Patients with presumptive TB or XDR-TB are occasionally hospitalized to confirm the diagnosis. Following the commencement of appropriate treatment, isolation is usually unnecessary.

Isolation has a very limited role in patients in whom treatment has failed. Studies have shown that treating TB patients at home with appropriate infection measures generally poses no substantial risk to other members of the household. By the time a diagnosis is made, the household contacts have already been exposed to the patient’s infection.

However, in the absence of curative treatment options, all infection control measures at the household should be strengthened. Whenever this is not feasible, the patient should be offered options for voluntary isolation and delivery of palliative and end-of-life care.

To protect healthcare workers who may come into contact with infectious TB patients, appropriate and strict infection control measures must be implemented in healthcare facilities at all times. Health-care workers are also encouraged to make sure that they are aware of their HIV status so that they can restrict putting themselves at risk of exposure.

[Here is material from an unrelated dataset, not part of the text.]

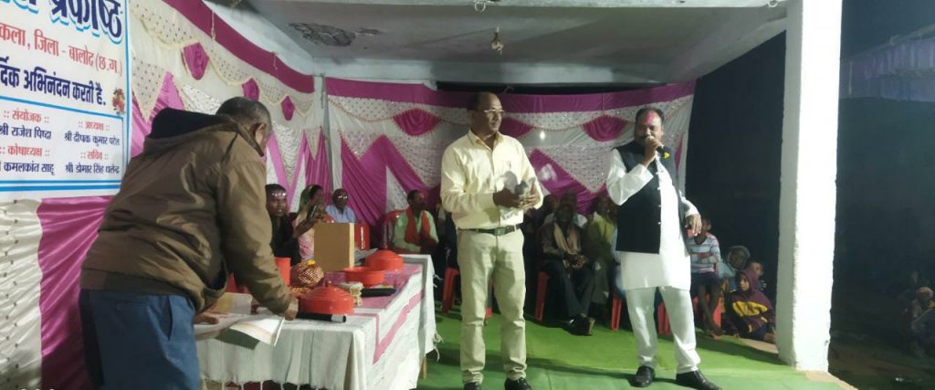 इस अवसर पर कर्मचारी प्रकोष्ठ से अध्यक्ष दीपक पटेल ,उपाध्यक्ष रमेश ठाकुर कोषाध्यक्ष कमल कांत साहू सचिव डोमार धलेन्द्र,दशरथ पटेल, रमेश पटेल, तुमेंद्र रात्रे, चिरंजीव कोसमा, प्रेम साहू,कपिल भुआर्य, आशा बाई कोसमा,दुखु राम साहू एवम ग्राम से टोपसिंग साहू(ग्राम प्रमुख) सियाराम पटेल ,मेघनाथ साहू, हिरामन कोशमा, कपिल भुआर्य,रघ्घू मानकर, रोहित पटेल सुकदेव पटेल चिंताराम साहू,भगवती माहेश्वरी,सरोज पटेल ,कुलेश्वरी साहू,निर्मला पटेल,प्रेम पटेल एवन पटेल सहित समस्त ग्रामीण जन उपस्थित रहे।

First, WHO ensures that the health authorities responsible for TB care and support receive the most up-to-date information about XDR-TB. The latest updates on XDR-TB, along with other relevant TB matters, are regularly published on the WHO Global TB Programme website.

Second, WHO advises that good TB prevention, care and support prevent the emergence of drug resistance in the first place and that the proper treatment of MDR/RR-TB prevents the emergence of XDR-TB.

Third, WHO is regularly updating its guidance to ministries of health on the treatment and diagnostic policies for drug-resistant TB patients.